Os processos avaliativos das escolas estaduais de Santa Catarina também atendem a requisitos legais, que organizam esse processo, conforme indicam os PGE E5, E6, E7, E8 e E10. Para o PGE E6 (2015, p. 7), a ação referente à avaliação da aprendizagem tem como objetivo “realizar avaliação com as normas legais todas as atividades inerentes ao processo de ensino, oportunizando novas oportunidades”.

Conforme Portaria nº 54/2011, no Artigo 6º: Anos Iniciais: frequência e AP (aprovado), Anos Finais: Registro de 01 a 10 e AP (aprovado). Resolução nº 04/2010, que define Diretrizes Curriculares Nacionais gerais para a Educação Básica em seu artigo 46 a avaliação educacional compreende a avaliação da aprendizagem. E também a Resolução 183/2013 que estabelece diretrizes operacionais para a validação do processo ensino aprendizagem nos estabelecimentos de ensino de Educação Básica e Profissional Técnica de nível médio integrantes do Sistema Estadual de Educação.

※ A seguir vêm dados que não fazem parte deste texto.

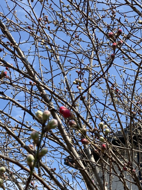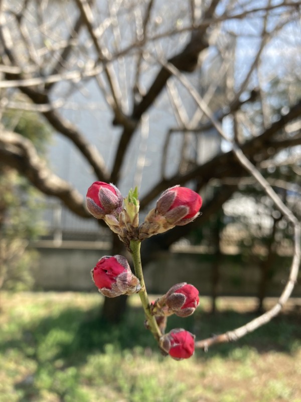 そのためか、すこや家・大宮日進の自慢の中庭にある桃の木も、そろそろ花が咲きそうです♪
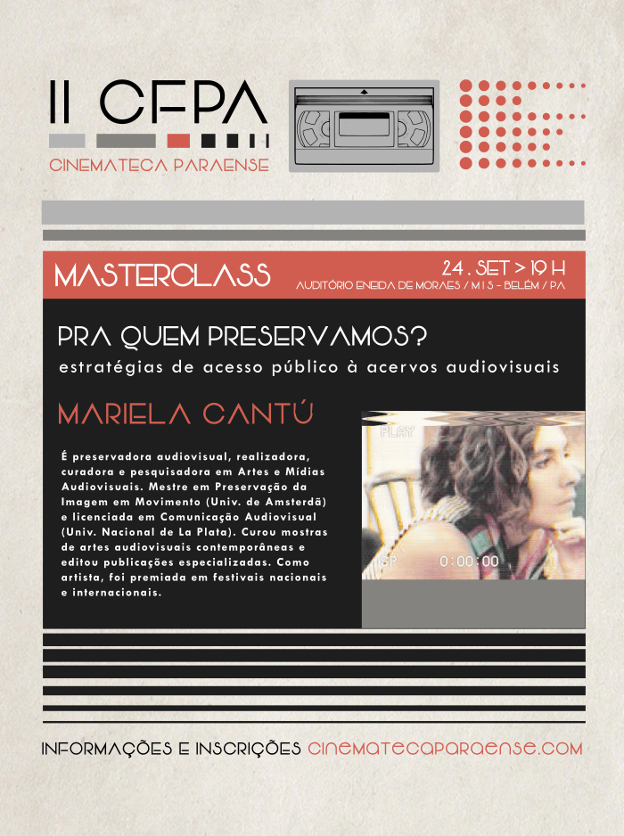 - PRA QUEM PRESERVAMOS? estratégias de acesso público à acervos audiovisuais, com Mariela Cantú (24.SET > 19H – Auditório Eneida de Moraes / MIS-PA)
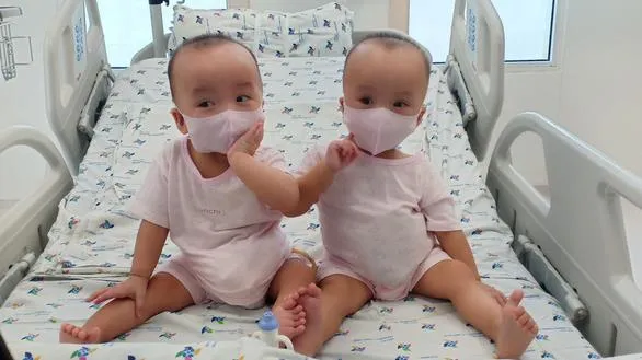 Thực hiện thành công ca đại phẫu thuật tách rời cặp song sinh dính liền Trúc Nhi – Diệu Nhi. Ảnh: Bệnh viện cung cấp.
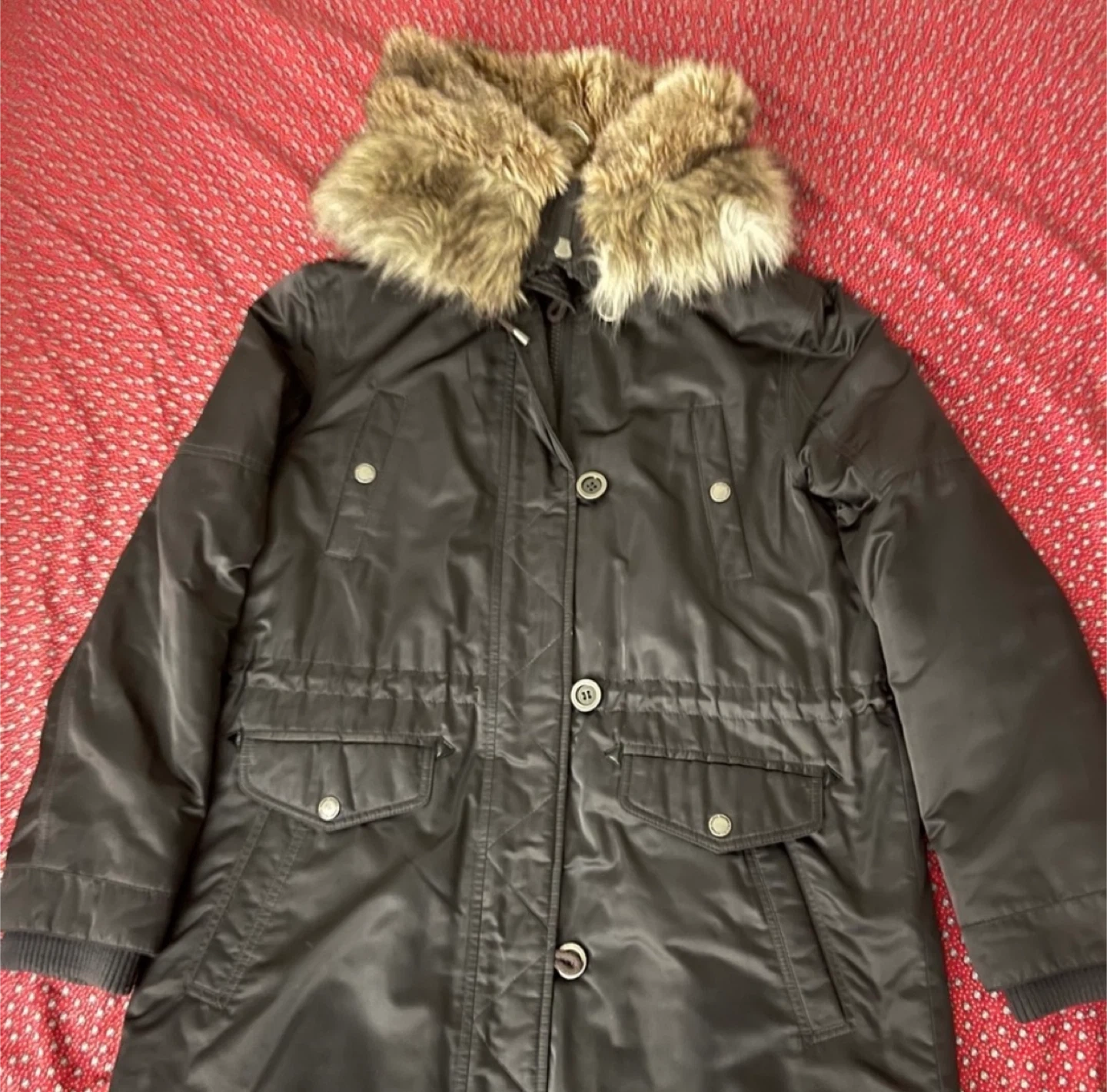 Halifax traders women’s parka CA# 52362. Mid length Faux fur hooded parka jacket. Mid weight fur and full quilted lining. Stand up collar, full front zipper and pockets. Chest 13”; Length 34”; Sleeve length 26”. In excellent condition and great shape. From smoke pet free and healthy home.

A avaliação do processo de ensino aprendizagem de responsabilidade do estabelecimento de ensino, seguindo as diretrizes na presente resolução. (E10, 2015, p. 2-3).

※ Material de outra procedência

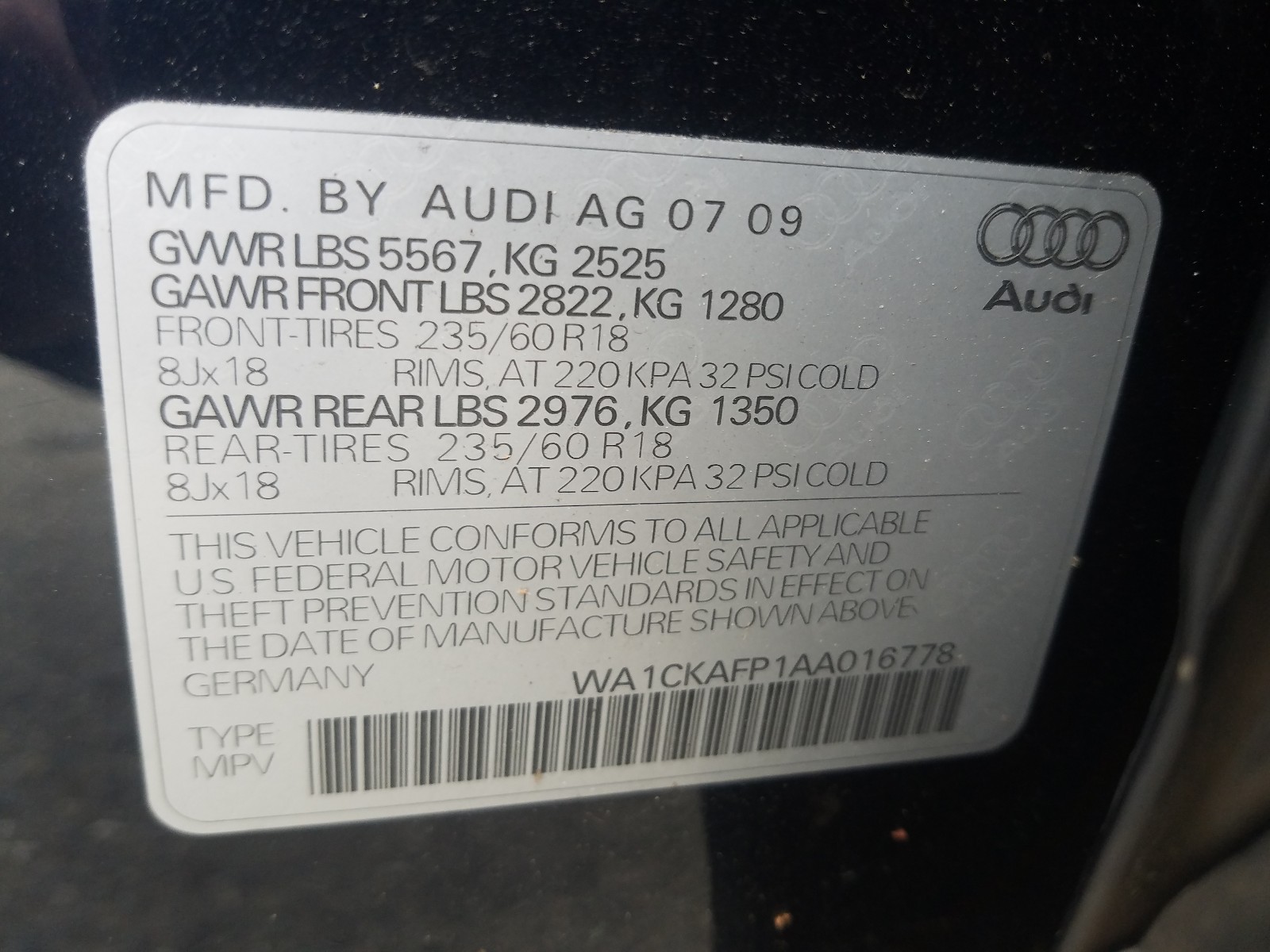 VIN: WA1CKAFP1AA016778
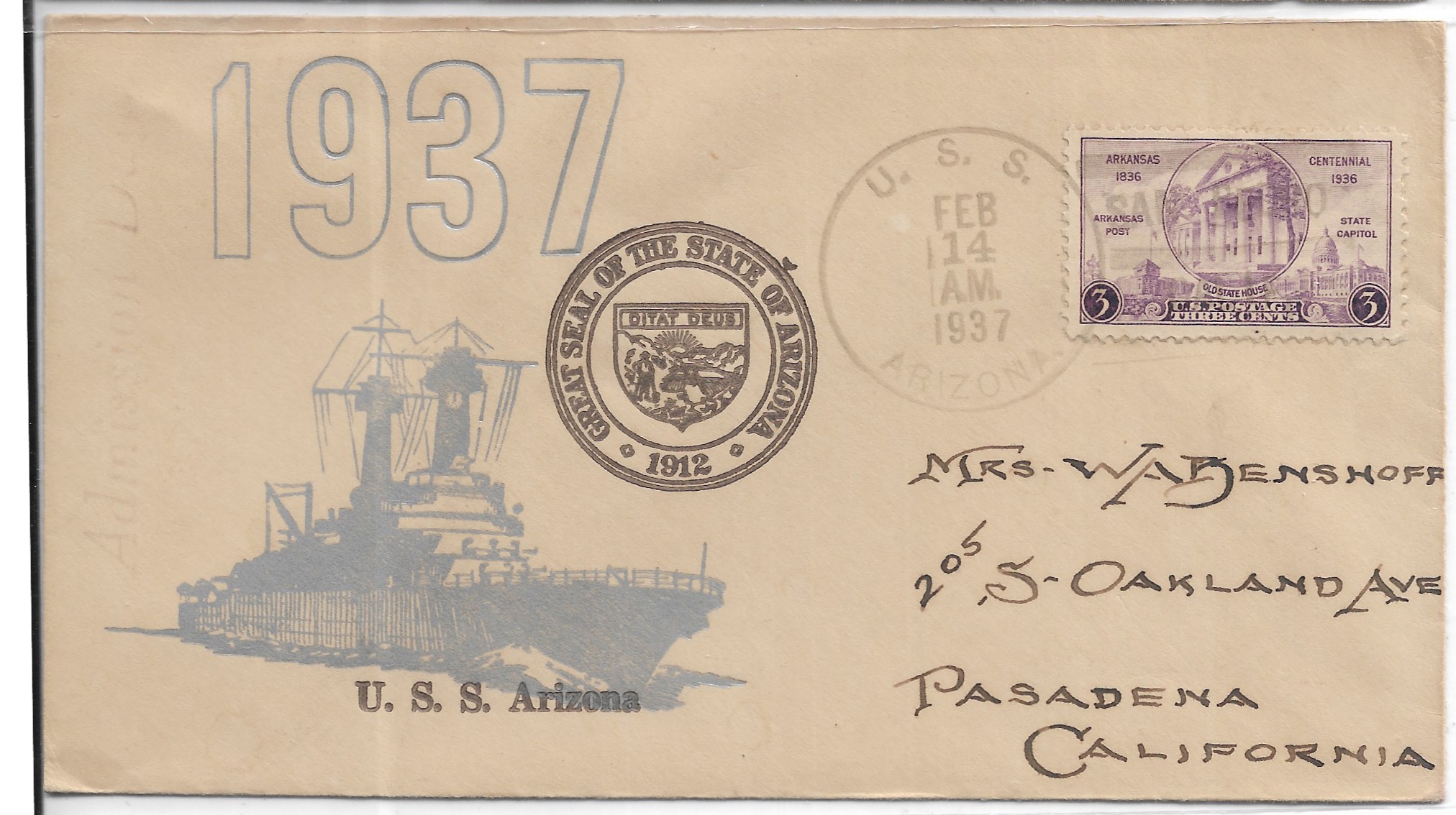 1937 USS Arizonia BB-63 to Pasadena, Ca.

Entre as diferentes funções atribuídas às avaliações, Sacristán (2000, p. 312) aponta que ela deve “servir de procedimento para sancionar o progresso dos alunos pelo currículo sequencializado ao longo da escolaridade, sancionando a promoção destes”. Portanto, a gestão deve agir para que se cumpra o processo avaliativo que tem como função a progressão e que também deve estar explícito pelo currículo. Porém, há possibilidades e a necessidade de tornar a avaliação um processo de reflexão sobre a prática do ensino, bem como das aprendizagens dos alunos, aprimorando a própria organização curricular. No geral, entre os PGEs, essa compreensão está exposta de maneira teórica, se estendendo da teoria para metas e ações apenas em dois documentos.